Все едва держались от смеху. Имянинник благодарил Облома Иваныча, но мушкетер кричит свое:
«Ну не подлец ли этот язык! Всю дорогу твердил – что сказать, пришел и наврал! Экое собачество! И ведь цел же, поди: вместо ноги, вот треснуло бы, сакру-бле, в морду!» – при этом Облом Иваныч пристукнул кулаком себя по салазкам.
«Спасибо тебе за честь, брат, Облом Иваныч!» – отвечал кавалер, улыбаючись. Но мушкетер продолжал кричать: «нет уж, вы меня не благодарите – чуть дело по службе – у меня язык наврет! Бывало фельдфебель сигналы спрашивает; я ему так сыграю на язычок, что он только головой покачает: ну брат, говорит, такую самую переправу я сейчас из подворотни слышал! Да и капральный недаром советовал: тебе бы, говорит, попросить пригонщика посадку сделать, да оторочить поднарядом язычище-то! – вот он какой прохвост – язык! А ведь где не надо – так что твои гусли – просто музыка». Затем Облом Иваныч повеселел и даже тявкнул на Сибирлетку и уверял, что вот, мол, собака была бы из него первый сорт: «у меня и зуб черт знает чего не перекусит пополам!»

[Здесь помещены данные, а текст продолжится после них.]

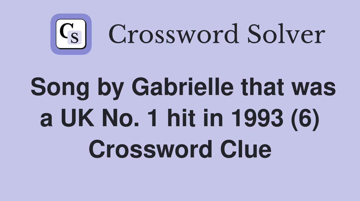 Song by Gabrielle that was a UK No 1 hit in 1993 (6) Crossword Clue
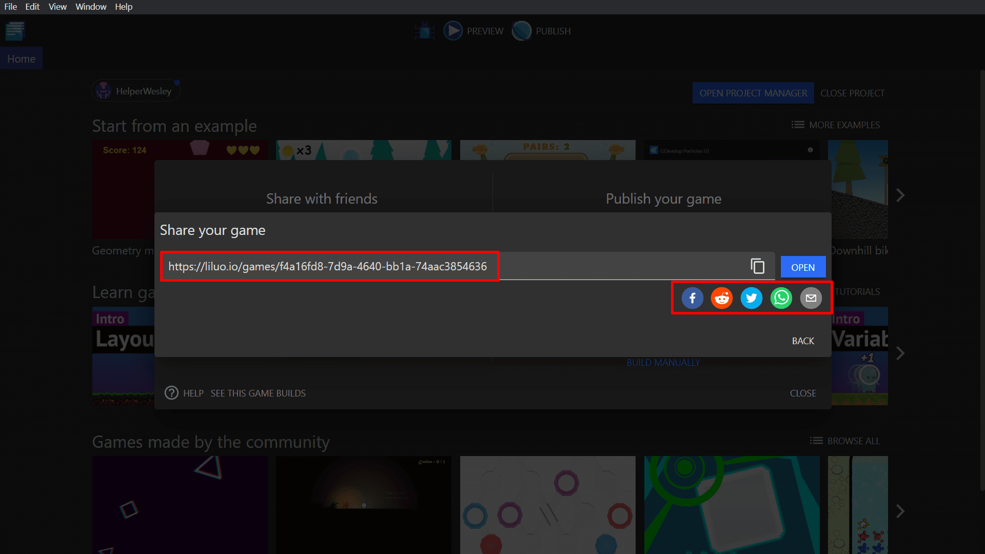 To post your game publicly on gd.games, click on the "publish this build to the game's page" button below the link. gd.games is GDevelop's game hosting platform, where free games created with GDevelop can be shared and played.
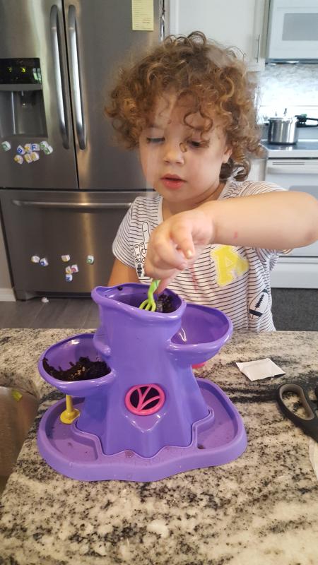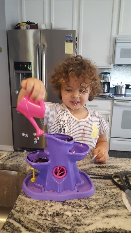 I bought this forever ago for my 3 yr old daughter and we just started it a few days ago. It was really easy to get it started and the plants started growing almost immediately. She loves seeing the new growth every day (sometimes you can see a difference by the middle of the day. I wish it had more soil, I feel like it doesn't fill up all the areas very well.and I wish it was a little easier to spread out the seeds, but I also don't have much of a green thumb. But it's still super cute and will be getting her more.
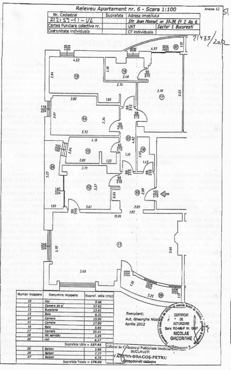 Are o suprafață generoasă de 176 mp: sufragerie de 60 mp, 3 dormitoare (16 mp, 18 mp, 21 mp), 3 grupuri sanitare, bucătărie separată cu usi glisante catre hol si living, hol spațios și 3 balcoane. Apartamentul este pe un singur nivel, fără scară interioară.
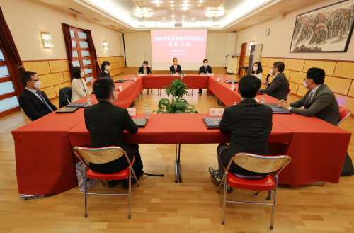 2022年8月31日,驻瑞典大使崔爱民出席“国家优秀自费留学生奖学金”颁奖仪式,并与获奖学生代表座谈交流。
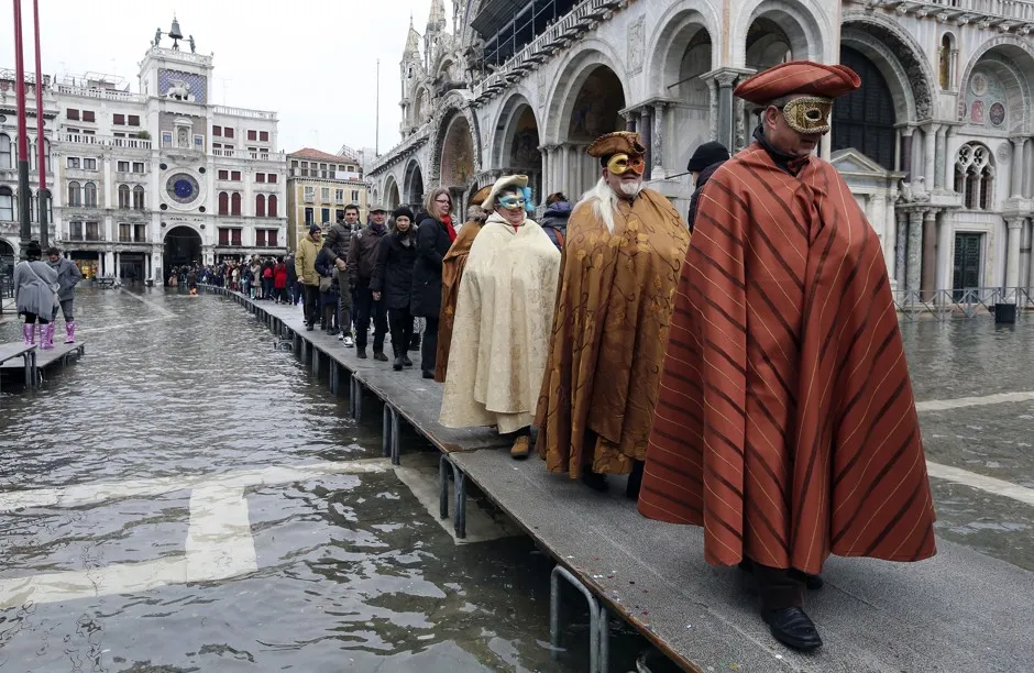 2015年2月威尼斯狂欢节期间,圣马可广场被淹。斯特法诺·雷兰迪尼/路透社满是运河的威尼斯可能因 洪水而处于危险之中,但由于 周二开始的工作,这种危险可能不会持续太久。

Все смеялись и утверждали, что он и так человек хорош. «Какой уж тут человек: об одной ноге, да еще и язык брехун! Таких и птиц-то на свете не бывает, не токмо людей!» – отвечал мушкетер. Между тем, заметив немецкие приношения, он полюбопытствовал спросить: что это за снаряды? Кавалер объяснял ему – какие снаряды, и Облом Иваныч подбоченился, расставил свои полторы ноги, нахмурился и, озирая немцев, повел очень серьезную речь: «Гут – народ вы, господа немцы! Прах возьми, отменный народ; Бог дает тебе, а ты тому, у кого нет; а Бог тебе за это втрое отсыплет! Очень, черт побери, хорошие вы человеки!»
Бауер потрепал его по плечу и дружески отвечал;. «Ви сам добры золдат и ошн прикрасный шаловек» Немцы ушли.
«Нашел красоту!» – бормотал мушкетер, и стал производить смотр припасам, мурлыча про себя: «добрый народ, сакру-бле! Натуральные, дьявол побери, люди! Важная, сударь, нация!»
Сибирлетка любопытствовал вместе с ним около провизии; неосторожно пощупанный мушкетером поросенок залился в мешке бесконечным визгом и по этому был вытащен за ноги на свет и осмотрен со всех сторон.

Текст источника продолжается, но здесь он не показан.